The Global Infectious Diseases and Epidemiology Network (GIDEON) supplies infectious disease outbreak data to its subscribers, and can accessed here. GIDEON was founded in 1992 and is available as a web based application and an ebook series. The data is collected from peer-reviewed publications, national health ministry reports, and other key global health players (e.g. WHO & CDC). The system is updated frequently to ensure that the data is as accurate and relevant as possible. There are two main categories within GIDEON: infectious disease and microbiology. The database is accessible by a 15-day free trial, and after a monthly subscription fee of $99.90 (1-year contract) or $199.90 (monthly rolling bases). GIDEON is a private organization and funded through these subscription fees.
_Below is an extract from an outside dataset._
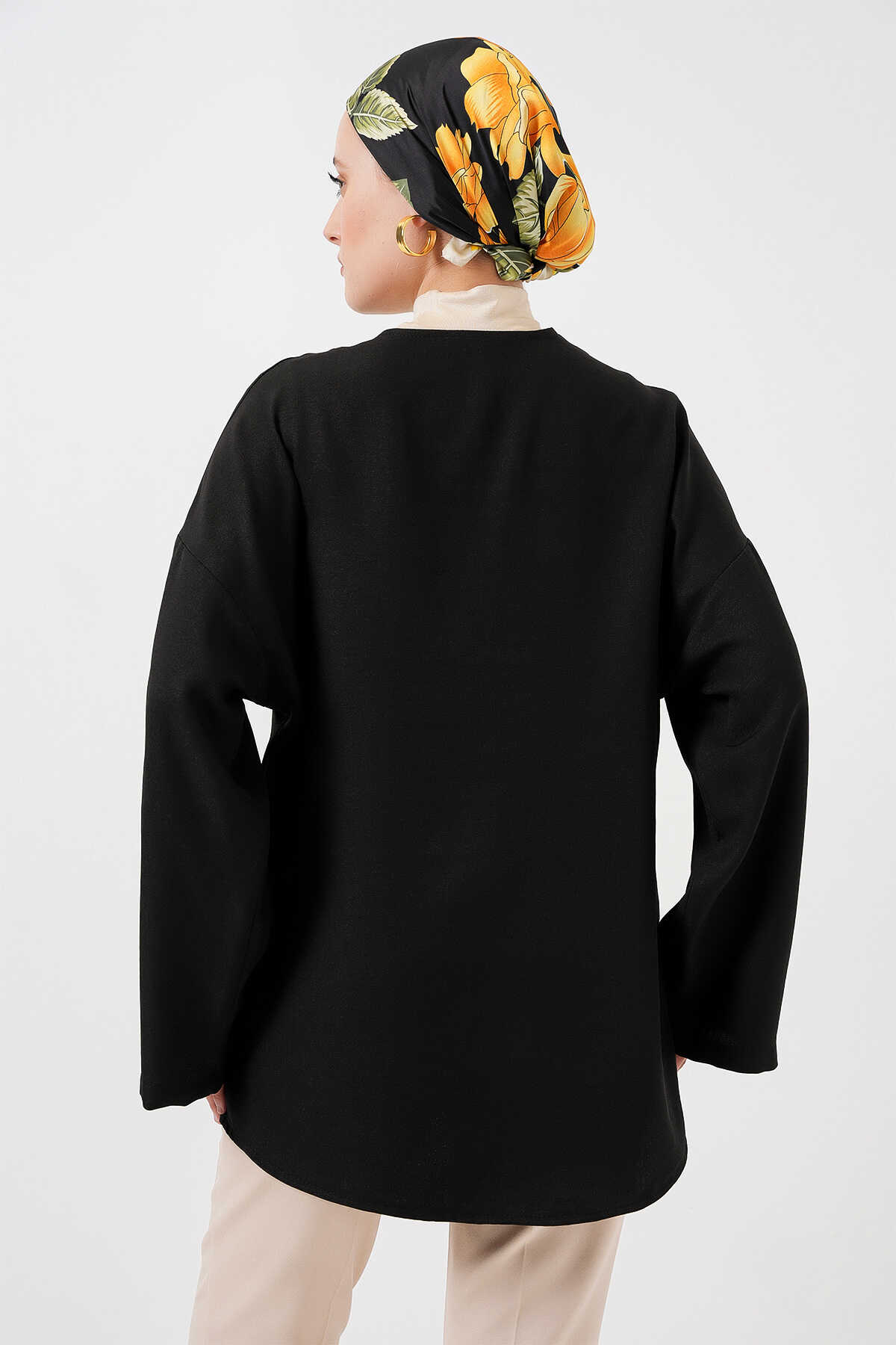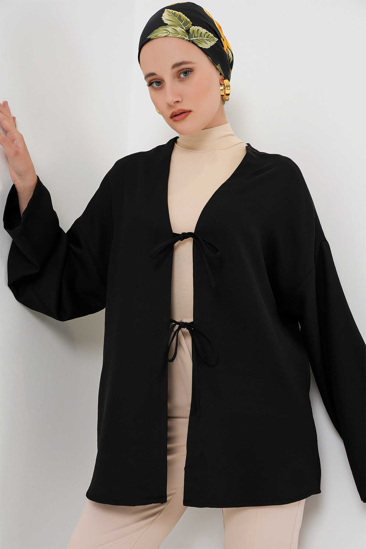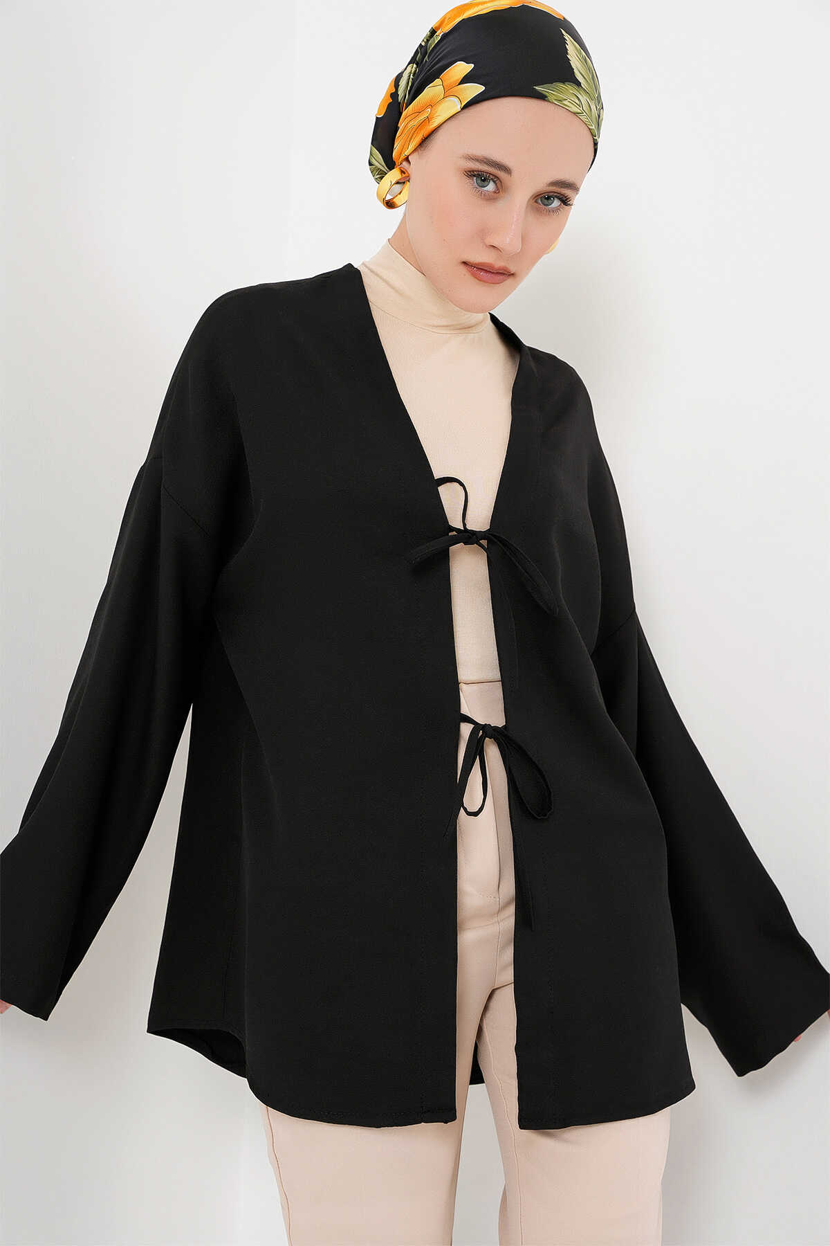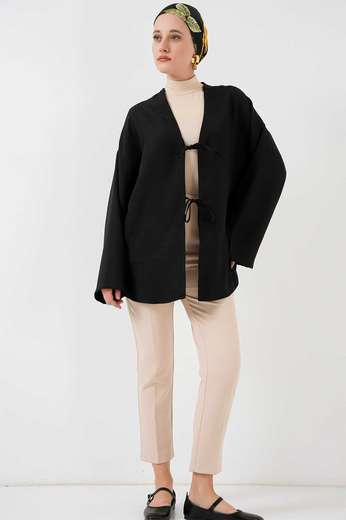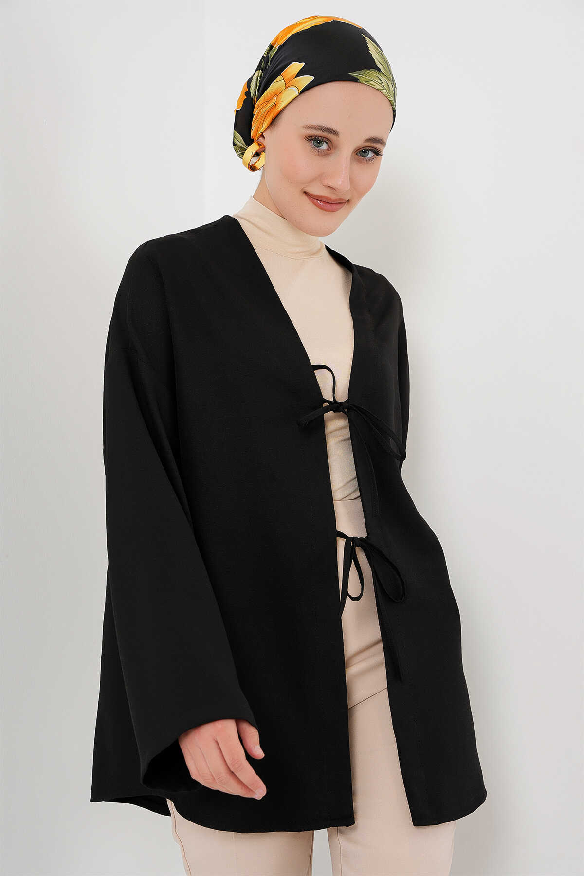 Keten Tesettür Kimono 5968 - Siyah - Kombin

Although GIDEON requires a subscription fee, it has been used in a number of published studies with databases made available. Most notably, Smith et al compiled a comprehensive dataset from GIDEON that spans over a 33-year period (1980-2013).

5.   HealthMap

HealthMap was established in 2006 at Boston Children’s Hospital to provide real-time surveillance of infectious disease outbreaks. The software uses freely available, informal online data sources, including but not limited to: ProMED, WHO, OIE, FAO, Google News, and EuroSurveillance. The data is displayed through a map, each point indicating an outbreak. The data can be filtered by disease, location, source, species, and date. Alternatively, the data can be viewed through a list format or over a time series graph. The data can be accessed online or through their mobile app “outbreaks near me”. The data source is made available primarily through funding by: Google, the Gates Foundation, Unilever, USAID, Amazon, Merck, Twitter, CIHR, CDC, Defense Threat Reduction Agency (DTRA), IARPA, and the U.S. National Library of Medicine. HealthMap can be accessed here.

6.   ProMED

The Program for Monitoring Emerging Disease (ProMED) is a program from the International Society for Infectious Diseases and tracks infectious disease outbreaks and acute exposures to toxins. The data is collected through media reports, official reports, online summaries, local observers, and others. The information submitted by individuals must be accompanied by affiliation identification, and is screened by the ProMED team prior to posting. ProMED is an archived database of infectious disease reports, which makes it difficult to extract large amounts of data efficiently. The program was created to increase communication among the international infectious diseases community, and encourages discussion. ProMED is available through an online website and allows individuals to subscribe to one or more of their “lists” in order to receive updated outbreak reports via email. The lists identify which topic areas are of interest within the ProMED database. ProMED collaborates with the HealthMap at the Boston Children’s Hospital. The funding for ProMED is primarily made available by the Wellcome Trust, Skoll Global Threats Funds, Google, the Gates Foundation, the Rockefeller Foundation, the Oracle Corporation, and the Nuclear Threat Initiative. ProMed can be accessed here.